Ce matin, je suis allé chercher des explications dans un diner. Restaurant traditionnel américain. J'ai rencontré des gens très sympas et efficace pour aller à la société des autoroutes qui gère les péages. J'ai décidé de prendre mon petit déj dans cet établissement : deux american pan cakes et un café. Le café n'était pas extraordinaire, mais les pan cakes, de vraies merveilles. Quand elles m'on été servies, je pensait qu'il y en avait une dizaine tellement elles étaient grosses. Avec le sirop d'erable, c'était excellent.

J'ai réussi à trouvé le bureau de la société des autoroutes. Ils n'ont évidemment rien trouvé de ce qu'il s'est passé hier soir. Mais on m'a proposé de payer 2 dollars pour payer le péage pour hier soir, même si je l'avais déjà payé. Ainsi, si la caméra de contrôle à pris mon numéro de voiture, je ne devrais pas être embêté (ni payer une amende d'un montant exhorbitant). A midi, j'étais rassuré mais vidé.

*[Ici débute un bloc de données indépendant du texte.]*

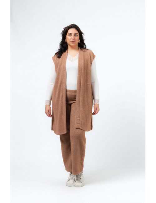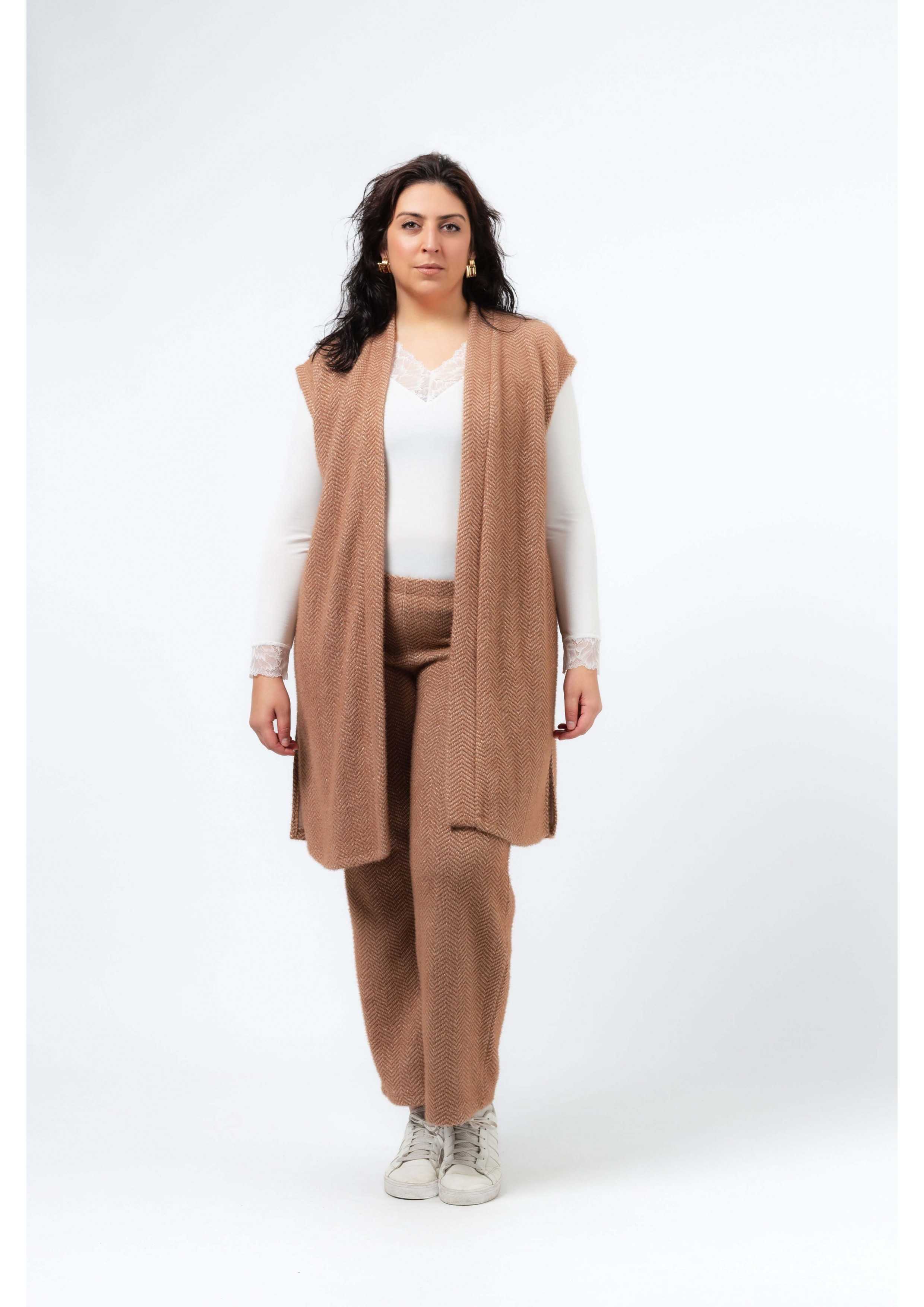 Ensemble en maille effet chevron, avec détails en lurex et léger poil extérieur. Gilet avec fentes latérales, bande repliée tout autour. Pantalon avec taille élastique recouverte. Coupe droite.

J'ai fini mon poulet d'avant-hier avec mon pinard d'hier.

Je me repose en lisant un livre sur l'histoire de l'expansion américaine. ""Habits of Empire"" de Walter Nugent. Je suis content d'avoir acheté ce livre. Je m'embrouille toujours sur l'histoire des Etats-Unis. Entre le Mexique et les Etats-Unis. ET surtout, comment a été créé le Canada.